厳しい結果と希望の光・東京パラリンピック出場権をかけたラストチャンス~大分車いすマラソン2020~

2020.11.22.SUN 公開

大分車いすマラソン2020が行われた11月15日は絶好のマラソン日和だった。気温や天候もよく、風もほとんどない。過去に世界記録も生まれた記録の出やすいコースだけに、高速レースが期待された。

この大会にかける選手は多かった。東京パラリンピック出場を目指す選手にとってラストチャンスになる可能性の高い大会だったからだ。

沿道の応援自粛など例年とは大きく形を変えて実施された大分車いすマラソン2020

コロナ禍で東京パラリンピックの選考レースだったマラソンワールドカップが中止になり、WPA(世界パラ陸上競技連盟)は代替策として、記録によるマラソンランキングでの参加資格割り当てシステムを公表した。2021年3月31日までに出した記録で順位を決めるというものだ。そのランキングで東京パラリンピックの出場枠を得るには、上位6位に入り、かつすでに世界選手権枠などほかの方法で出場を決めている選手を除いて2位以内に入らなければない。ほとんどの選手にとって自己ベストを超えなければならない厳しい条件だが、男子は世界ランキング15位以内が8人、女子も2人が出場していただけに、このビッグチャンスを誰がものにするのか――選手たちの戦い方、そして記録に注目が集まった。

競り合いの展開が擁されたが……

大会に先駆けてオンラインで行われた記者会見で、日本パラ陸上競技連盟(JPA)の指宿立強化委員長は、「けん制していたら、タイムは出ない。積極的にレースを仕掛けていかないと世界の選手と戦えない」と語っており、選手たちの競り合いの中で好記録が生まれる展開を期待した。だが……。

スタート後に飛び出した鈴木(左先頭)と西田

この日のレースでキーマンになったのが、出場者の中で唯一東京パラリンピックの出場切符を手にしている26歳の鈴木朋樹だ。トラックと二刀流で活躍し、スプリントにも強く、事実、大会一週間前の関東パラ陸上選手権では100m(T54)で優勝している。ランキングで鈴木を除く日本人最上位の渡辺勝やリオパラリンピック日本代表の山本浩之ら今回にかける選手たちは、当然、鈴木がリードする展開を想定していたに違いない。しかし、スタートから飛び出した鈴木の背中は遠く離れていき、追いかけた西田宗城も力尽き、6km付近から鈴木の独走を許した。

鈴木はスタート後の心境をこう振り返る。
「レース展開は考えていなくて。(スタートで前に出たので)こうなったら自分で行くしかないと思った」

一方、置いて行かれたひとりの渡辺は「前半5kmまでは、どんな走りでもついていかかなければ話にならないと思っていたが……逃げられてしまったのは大問題」と悔しがった。
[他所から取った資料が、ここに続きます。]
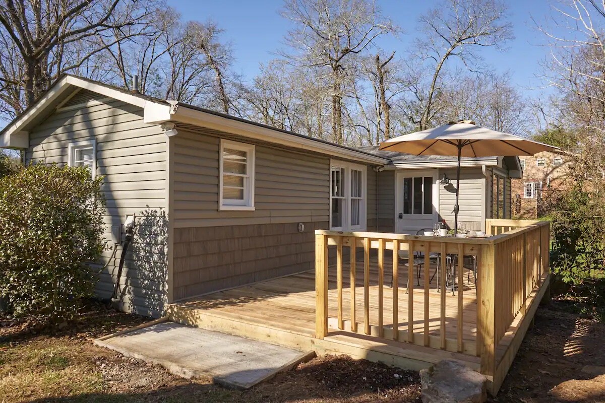 This 1921 bungalow is 15 minutes from downtown Chattanooga, Rock City, and Ruby Falls yet with a rural wooded feel. Redesigned and renovated with new furnishings and appliances make your stay comfortable and worry-free. One queen bedroom with a large window overlooking the back deck; a living room with a seasonal wood-burning fireplace, queen sofa bed, and vaulted ceiling make this tiny bungalow feel spacious, airy, and light-filled. Kitchen and dining area are fully equipped for longer stays.

鈴木は、時折苦しそうな顔を見せるも、圧倒的なスピードで一人旅を続け、1時間22分2秒の好記録で初優勝。東京パラリンピック本番でのメダル獲得の期待を膨らませる快走だった。

途中、洞ノ上浩太がリードした場面もあったが、2位集団が40kmを過ぎた時点で時計は1時間22分を超えていた。そのままフィニッシュ地点の大分市営競技場に入ると、2位は山本、3位は渡辺でフィニッシュタイムは同じ1時間26分44秒。マラソンランキングで東京パラリンピック出場圏内に浮上するには、1時間22分23秒以上が求められていたため、今大会2位以下の選手の東京パラリンピック・マラソン出場枠獲得は極めて難しい状況になった。

先頭を行く鈴木に西田(右)も食らいついたが……

マラソンはいわずもがな駆け引きがタイムや勝敗に大きく影響する競技だが、レーサーと呼ばれる三輪の車いすで走る車いすマラソンは、数人で集団を形成し、自転車競技のように先頭をローテーションして風の抵抗を避けながら漕ぐと体力の消耗を抑えられる。そこで、勝敗はもちろんのこと、タイムが重要だった今回のレースは、選手たちが互いに協力し合い、テンポよく先頭をローテーションしてスピードを出していくことも考えられたが、パラリンピックの日本代表を争奪する勝負の中で協力し合うことは難しかったようだ。「それぞれがアタックを仕掛け、飛び出したいという思惑が渦巻くレース展開だった」と渡辺は呆然とした表情で振り返る。その分タイムも伸びなかった。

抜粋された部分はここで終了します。